A concert of the Op. 109, Op. 110, and Op. 111 piano sonatas could very easily be delivered with the kind of self-seriousness that turns Beethoven into the Beethoven of legend, a daunting, impenetrable titan, the kind of Beethoven consecrated high on the proscenium arches of so many American concert halls. The brilliance of this Richard Goode recital lay not simply in the ferocity and radiance of his playing, in his refusal to reconcile the extremes of Beethoven’s late style, but in his capacity to render Beethoven immediate, humorous, and human.

Playing the last six of the eleven Op. 119 Bagatelles as a palette cleanser before the Op. 111 no doubt helped, especially as Goode took them so wittily. These pieces, written and modified at various points in the early 1820s, defy even the modified expectations one brings to late Beethoven, and in Goode’s hands they charmed and surprised in equal measure. No. 6, for instance, started as an off-kilter song, presenting Webernian ideas in a very different idiom, but it gathered pace and took a brief eternity to conclude. No. 7 and no. 11 both looked to the three sonatas that surrounded the Bagatelles, but Goode’s emphasis here was rightly on the jokes Beethoven layers all over his shortest pieces. No. 10, barely fifteen seconds long, seemed to poke fun at Beethoven’s own extraordinarily long codas by presenting only the coda to an unheard earlier piece: rarely has a musical joke provoked such raucous laughter at Carnegie Hall.

Of course, the musical and emotional burdens fell on the late, great sonatas. The tradition of playing them together is long, but one most readily associates hearing these works in concert as a trilogy with the most resolutely intellectual of pianists: Alfred Brendel, Mitsuko Uchida, and Maurizio Pollini, say.

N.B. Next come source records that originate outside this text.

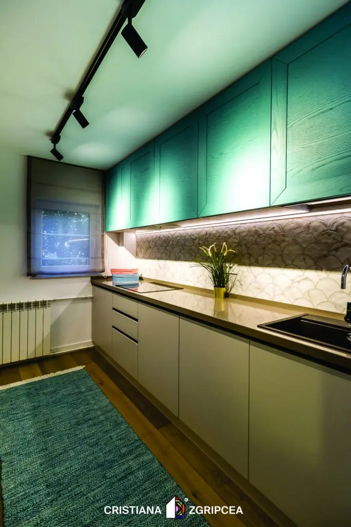Pentru bucatarie s-a urmarit aceeasi linie, avand o separare discreta a zonei de gatit de cea pentru luat masa. De o parte avem corpurile principale, compact dispuse si cu electrocasnicele incorporate, iar in capatul opus, un corp suplimentar care inglobeaza frigiderul, cuptoarele si un mic spatiu de depozitare pe lateral. Iluminatul variat permite diferite scenarii de la spatiul pentru luat masa pana la blatul de lucru. Pentru un plus de fluenta a circulatiilor, usa batanta a fost inlocuita cu una glisanta.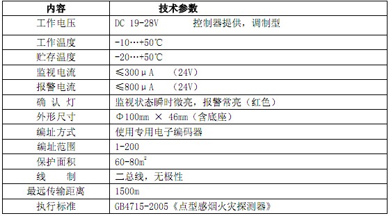 三、然后是北大青鳥JTY-GD-JBF-4100點(diǎn)型光電感煙火災(zāi)探測(cè)器技術(shù)參數(shù):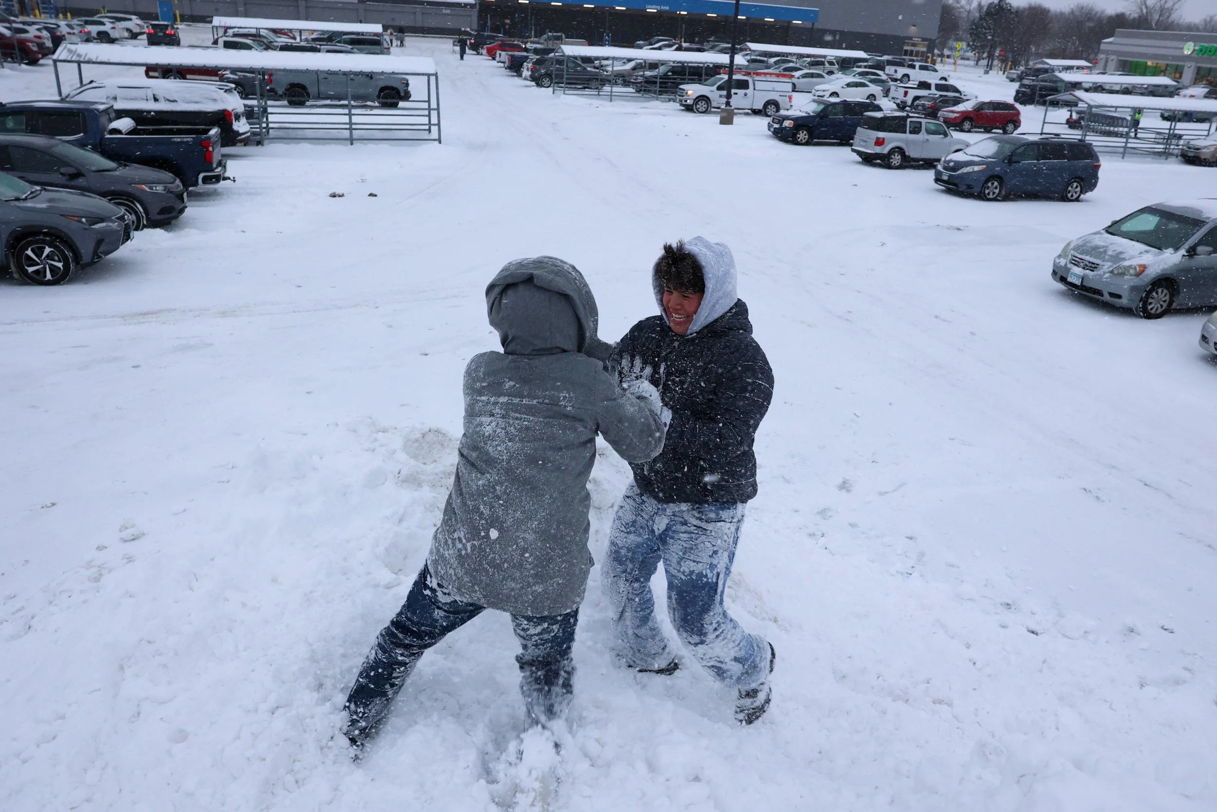 Jadden Mendoza, left, and Oliver Gasca wrestle in a parking lot snow pile on Thursday, Dec. 19, 2024, outside of the Sam’s Club in Rochester, Minn.

Goode does not have that demeanour, and his current tour is the first time he has played the sonatas in one go, but these knowing, vigorous, and wise performances were enthralling all the same. All of them benefited from Goode’s sense of structural imagination, as sonata forms broke down into more episodic, variable movements, as well as his ability to draw colour from his Steinway through judicious use of the soft pedal as much as crashing metallic power from the forearms. Goode turns 70 next month, and in his maturity he, like Pollini and Brendel, seems ever keener to take artistic risks even (perhaps especially) at the risk of technical slips. The result is Beethoven playing that is at once relatable and inspirational, exactly as it should be.

The first two movements of the Op. 109 were particularly violent, juxtaposing the savage and the seraphic, the focused and the fantastical. Goode managed to capture the character of Beethoven’s mood swings in the Prestissimo middle movement without turning them into caricatures. The long variations of the third movement – three times as long as the first two combined – sang tastefully, without lingering unduly and conceived in the broadest of arcs. There was something almost Schumannesque in the tone here, though married of course to an architectural intensity that could only be Beethoven’s. On a purely technical level Goode astonished too, with the gradual, magical splitting of crotchets into quavers and semiquavers and trills sounding ineffably natural. So too did the revival of the opening song, returning with almost nonchalant, impertinent ease.

The Op. 110 was finer still. Through Goode, one could almost imagine Beethoven testing, playing with a new piano in the first movement, seeing how far it would go. Goode pushed this music’s diverse tempers hard here, finding a dignified insistence by means of a grace more often found in Mozart. The second movement – as fractured as anything in Beethoven’s piano works – was left its rhetorical ruptures distinct, resolved only through force in the travails of a finale moving slowly away from A flat minor. Again Goode was clear-eyed about this “Klagender Gesang” (“Song of Lament”), with a wafting freedom of tempo that never lost sight of its grounding, dependent on the shape of the aria’s phrase and later the progress of the fugal lines he picked out at any given time. Moods snapped and lurched, but they found their way back to that opening grace and that opening A flat major through vast and distant harmonic struggles, with the final, triumphant chords smacked out to emphasise the arrival home.

It was hard to believe that there could have been more at stake for the Op. 111, but its flourishing introduction instantly dictated that there was. Once more Goode was capable of surprising aggression, growling his way into the Allegro con brio low down on the keyboard and maintaining the intensity at dangerous speeds. Form and atmosphere became one in a movement of sheer risk. While the Arietta seemed to move a little briskly on first hearing, Goode underlined the variations’ constant lilt, a swinging feeling that hits its heights in the boogie-woogie section. Breezy this might have been but it was never pushed on, only pulled by some invisible, distant force towards a final, bewitchingly simple conclusion. As if to underline that this was not Beethoven for hushed reverence, but living Beethoven, the last C major chord was not held forever, but gently placed and let go with immaculate voicing, a quaver just as it is marked.